### Problem requirements
Using the records that appear below, write out exactly the lines from the one with "2.Remove pot from" through the one with "Indian Police badge", keeping both end lines.

### Records for processing
"""

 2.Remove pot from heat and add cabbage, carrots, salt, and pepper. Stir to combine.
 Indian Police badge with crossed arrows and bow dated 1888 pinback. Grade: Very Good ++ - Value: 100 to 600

"""
"""

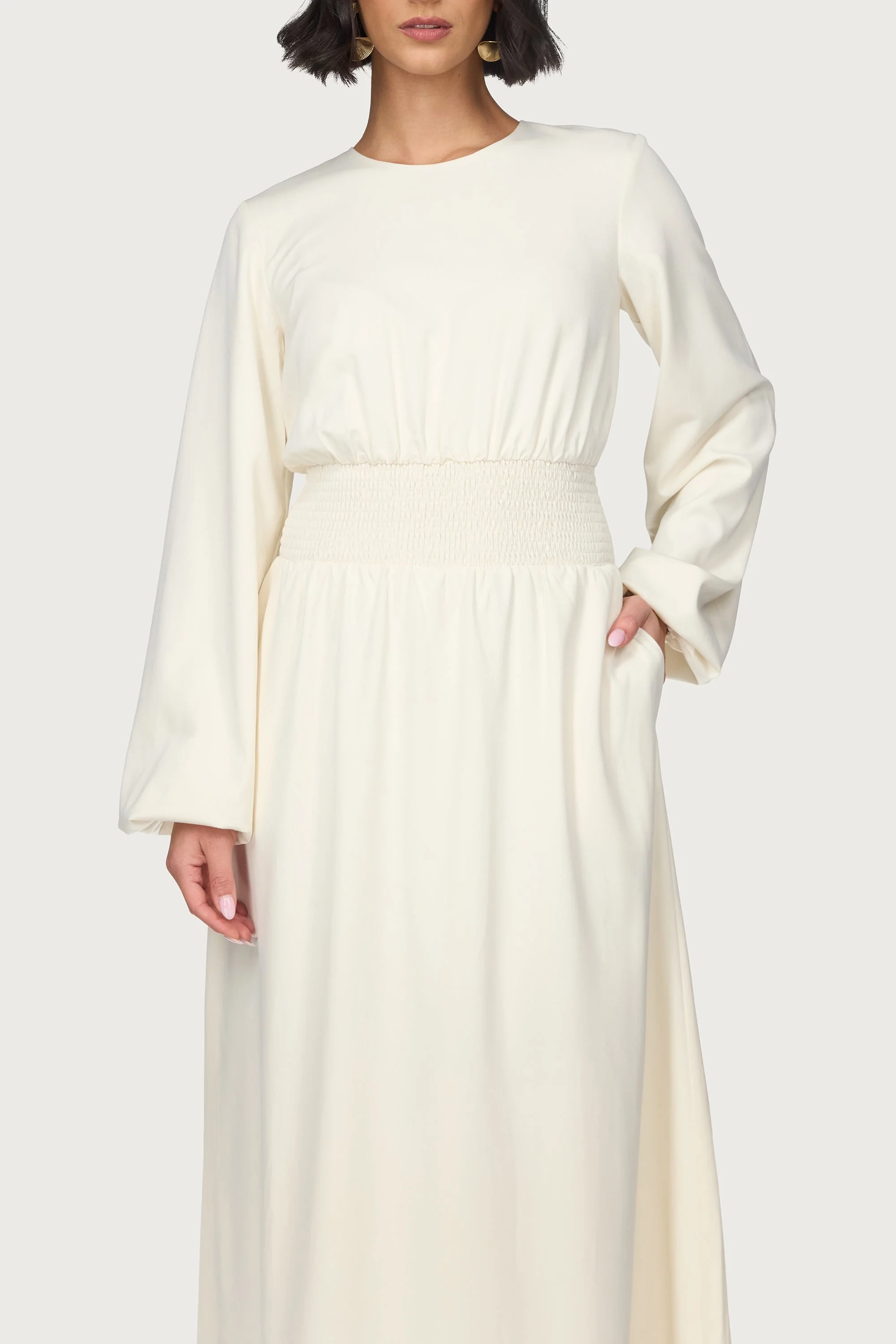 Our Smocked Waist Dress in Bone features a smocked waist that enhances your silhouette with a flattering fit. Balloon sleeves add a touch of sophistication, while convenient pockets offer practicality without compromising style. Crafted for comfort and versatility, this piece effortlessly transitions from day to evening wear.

"""

### Exercise response
 2.Remove pot from heat and add cabbage, carrots, salt, and pepper. Stir to combine.
 Indian Police badge with crossed arrows and bow dated 1888 pinback. Grade: Very Good ++ - Value: 100 to 600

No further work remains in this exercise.